With the advancement of technology and science over the past few decades, electrical and electronic equipment (EEE) has turned out to be an imperative part of our daily life. Nonetheless, the consumption, disposal, and production of e-waste have become unsustainable. The total review film consumption of EEE has escalated to 2.5 million tonnes. Devices such as laptops, radios, phones, and toys with batteries and power add to the volume of e-waste after use.
Although the volume is augmenting, the adoption of recycling and collection is very low and hence, the generation of harmful greenhouse gases, and the release of toxic substances during informal recycling are on the rise. It’s not only the developing or the lower economic countries affected by this problem, but the developed countries are also facing the challenges of proper management of these wastes. For many entrepreneurs and individuals, it is now a method of income by recovering important materials from the dumped items.
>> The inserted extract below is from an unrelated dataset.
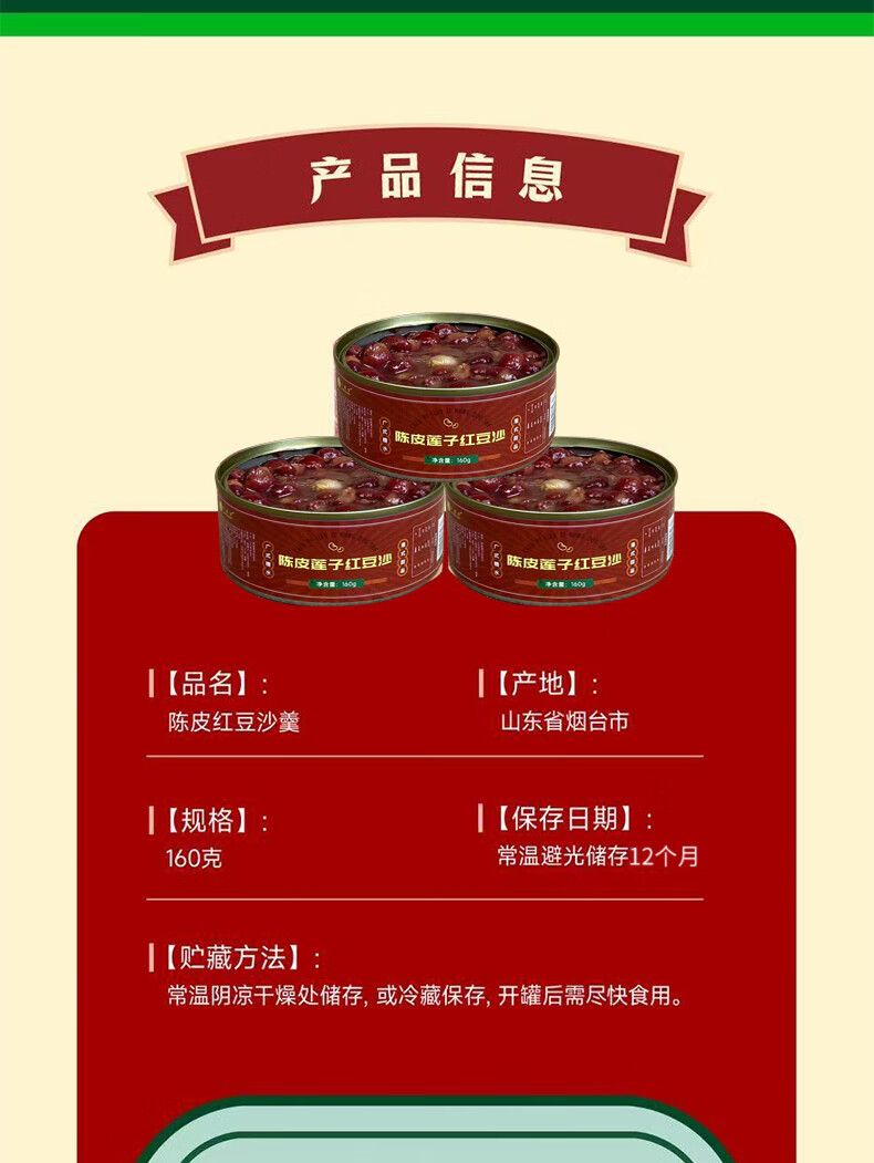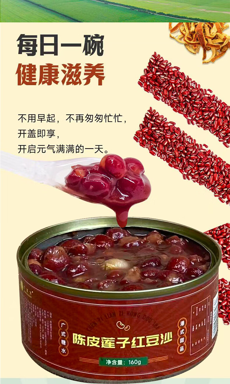 陈皮红豆羹即食罐头烘焙食品五谷早餐免煮速食粥免甜品便携 陈皮红豆沙羹160g*3罐
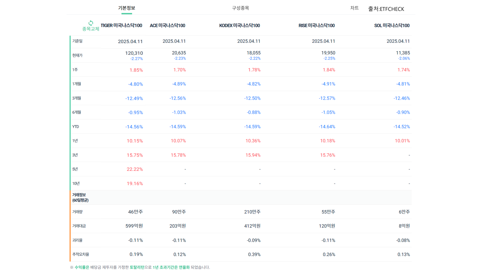 - 거래량 중시 투자자: 높은 유동성과 거래량을 선호하는 투자자에게는 TIGER 미국나스닥 100이 유리합니다.

Most of the time, the separation and recycling is carried out informally or rather unscientifically devoid of any safety and health standards. Various associations are considering this matter strongly and urged for an impeccable legal policy and also investment in technology and modern equipment for seamless recycling.
Global Challenges and Scenario
As of now, the recycling rate of e-waste globally is 20-30 percent and the collection rate is 50-60 percent. Globally, 53.6 million metric tons of total e-wastes were produced at the end of 2019. In the same year, China gained the status of the globe’s biggest producer of e-waste, which is around 10 million metric tons. It is then followed by the US, which is around seven million metric tons, claims a report of Statista.